Most efficient way of saving a pandas dataframe or 2d numpy array into h5py, with each row a seperate key, using a column

末鹿安然 提交于 2021-02-10 05:36:11

问题


This is a follow up to this stackoverflow question

Column missing when trying to open hdf created by pandas in h5py

Where I am trying to create save a large amount of data onto a disk (too large to fit into memory), and retrieve sepecific rows of the data using indices.

One of the solutions given in the linked post is to create a seperate key for every every row.

At the moment I can only think of iterating through each row, and setting the keys directly.
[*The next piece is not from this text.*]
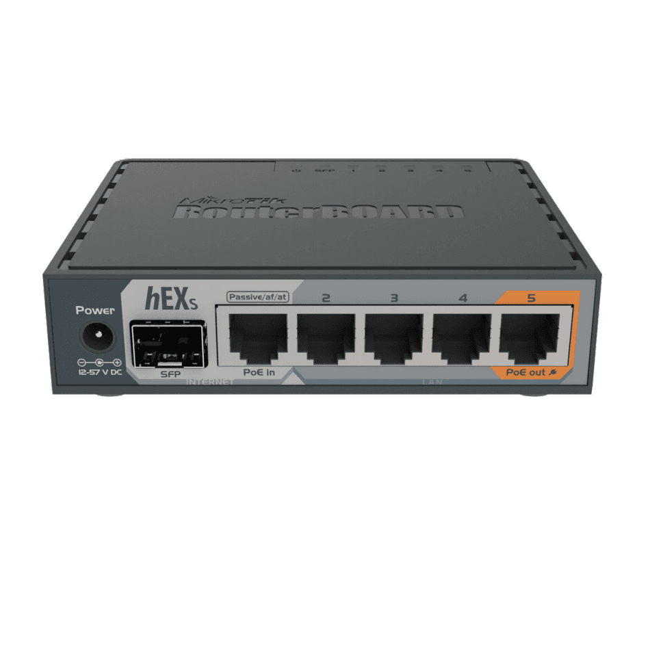 The MikroTik hEX S is a powerful, compact 5-port Gigabit Ethernet router with SFP support, PoE output, and a dual-core 880 MHz CPU. Designed for locations where wireless connectivity is not required, it delivers advanced RouterOS features, IPsec hardware encryption, and supports The Dude server package for network monitoring. Ideal for small offices, network enthusiasts, and professional setups.
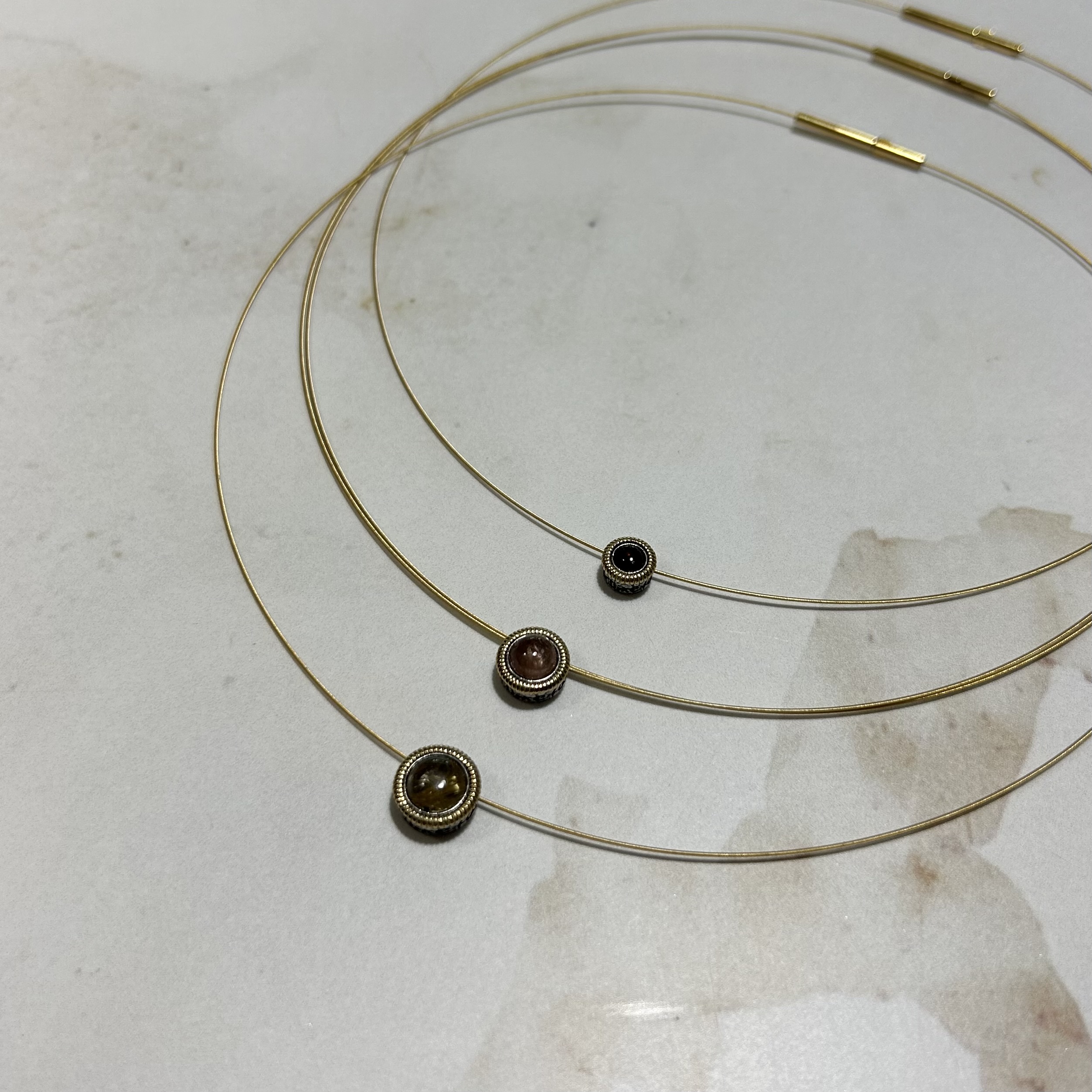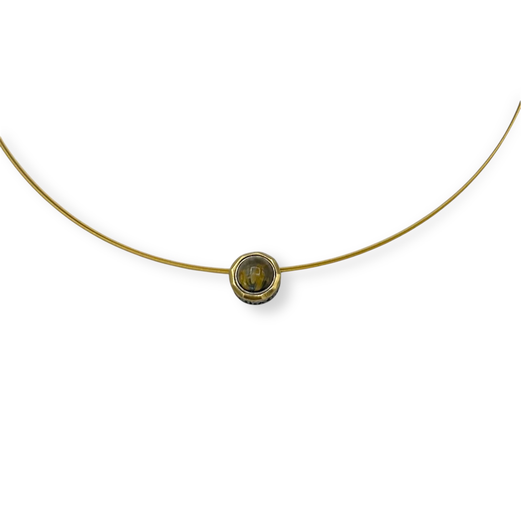 Colgante de plata con bisel martelé de oro 9k redondo, turmalina con un cable chapado. Cierre doble clic.

For example, if this is my data

IndexID Ids
1899317 [0, 47715, 1757, 9, 38994, 230, 12, 241, 12228...
22861131    [0, 48156, 154, 6304, 43611, 11, 9496, 8982, 1...
2163410 [0, 26039, 41156, 227, 860, 3320, 6673, 260, 1...
15760716    [0, 40883, 4086, 11, 5, 18559, 1923, 1494, 4, ...
12244098    [0, 45651, 4128, 227, 5, 10397, 995, 731, 9, 3...

I can go throw say my dataframe and set each row like this

f.create_dataset(str(row['IndexID']), data=row['Ids'])

I am wondering if there is a batch way to do this.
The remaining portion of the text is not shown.